Feature Engineering
TreeFeatureEngineer computes numeric node attributes on an ete3.Tree. The
converter later reads those attributes into graph feature columns.
Basic workflow
from phylognn import TreeFeatureEngineer
engineer = TreeFeatureEngineer(num_time_bins=101)
tree = engineer.add_features(tree, origin_time=10.0, rescale=True)
feature_order = engineer.feature_names
Built-in features include node_time, time_bin, tip/internal indicators,
fossil/extant indicators, sampled-ancestor indicators, branch_length,
rescale_factor, and extant_sampling_probability.
When to use it
Run feature engineering before graph conversion whenever the converter should read computed node attributes into graph feature columns. Keep custom features numeric and registered by name before requesting them.
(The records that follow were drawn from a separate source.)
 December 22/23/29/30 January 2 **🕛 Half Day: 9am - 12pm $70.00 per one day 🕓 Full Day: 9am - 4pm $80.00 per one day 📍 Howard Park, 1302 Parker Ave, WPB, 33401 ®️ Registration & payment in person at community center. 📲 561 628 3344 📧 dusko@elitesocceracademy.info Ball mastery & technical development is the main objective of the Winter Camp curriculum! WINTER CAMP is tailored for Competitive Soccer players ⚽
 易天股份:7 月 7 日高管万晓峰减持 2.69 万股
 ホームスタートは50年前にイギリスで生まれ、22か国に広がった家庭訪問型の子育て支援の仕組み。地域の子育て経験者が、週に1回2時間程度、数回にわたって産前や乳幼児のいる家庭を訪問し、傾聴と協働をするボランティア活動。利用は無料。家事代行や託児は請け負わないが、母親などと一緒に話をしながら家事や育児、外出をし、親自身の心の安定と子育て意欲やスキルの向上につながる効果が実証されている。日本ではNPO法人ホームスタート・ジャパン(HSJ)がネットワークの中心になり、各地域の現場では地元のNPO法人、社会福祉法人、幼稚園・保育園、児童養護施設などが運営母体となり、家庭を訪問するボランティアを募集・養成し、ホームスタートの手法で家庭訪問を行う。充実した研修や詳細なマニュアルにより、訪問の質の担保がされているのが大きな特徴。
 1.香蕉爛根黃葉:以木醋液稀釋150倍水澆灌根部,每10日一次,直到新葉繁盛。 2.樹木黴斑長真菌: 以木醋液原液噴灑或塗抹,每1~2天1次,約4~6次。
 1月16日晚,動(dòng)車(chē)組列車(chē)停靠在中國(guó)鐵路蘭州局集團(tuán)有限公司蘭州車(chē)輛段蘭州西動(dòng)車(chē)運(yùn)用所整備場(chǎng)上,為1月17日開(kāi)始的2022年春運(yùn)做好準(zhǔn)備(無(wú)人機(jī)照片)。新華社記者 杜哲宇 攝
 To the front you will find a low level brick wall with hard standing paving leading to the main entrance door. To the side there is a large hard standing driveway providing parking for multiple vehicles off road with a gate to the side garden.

Feature order and determinism
feature_names is an immutable ordered tuple. Use it when constructing a
converter so feature columns stay stable across runs. Custom features are
appended after built-in features in registration order.
Validation
origin_time must be positive. Requested feature names must be unique and
must exist in available_features. num_time_bins must be at least two,
extant_sampling_probability must be in [0, 1], and traversal strategy must
be one of preorder, postorder, or levelorder. These contracts are checked
before graph conversion so invalid features fail early.
Rescaling
When rescale=True, non-zero branch lengths are scaled so their mean becomes
one. The same factor is used for feature computation and is attached as
rescale_factor. Trees with no non-zero branch lengths cannot be rescaled.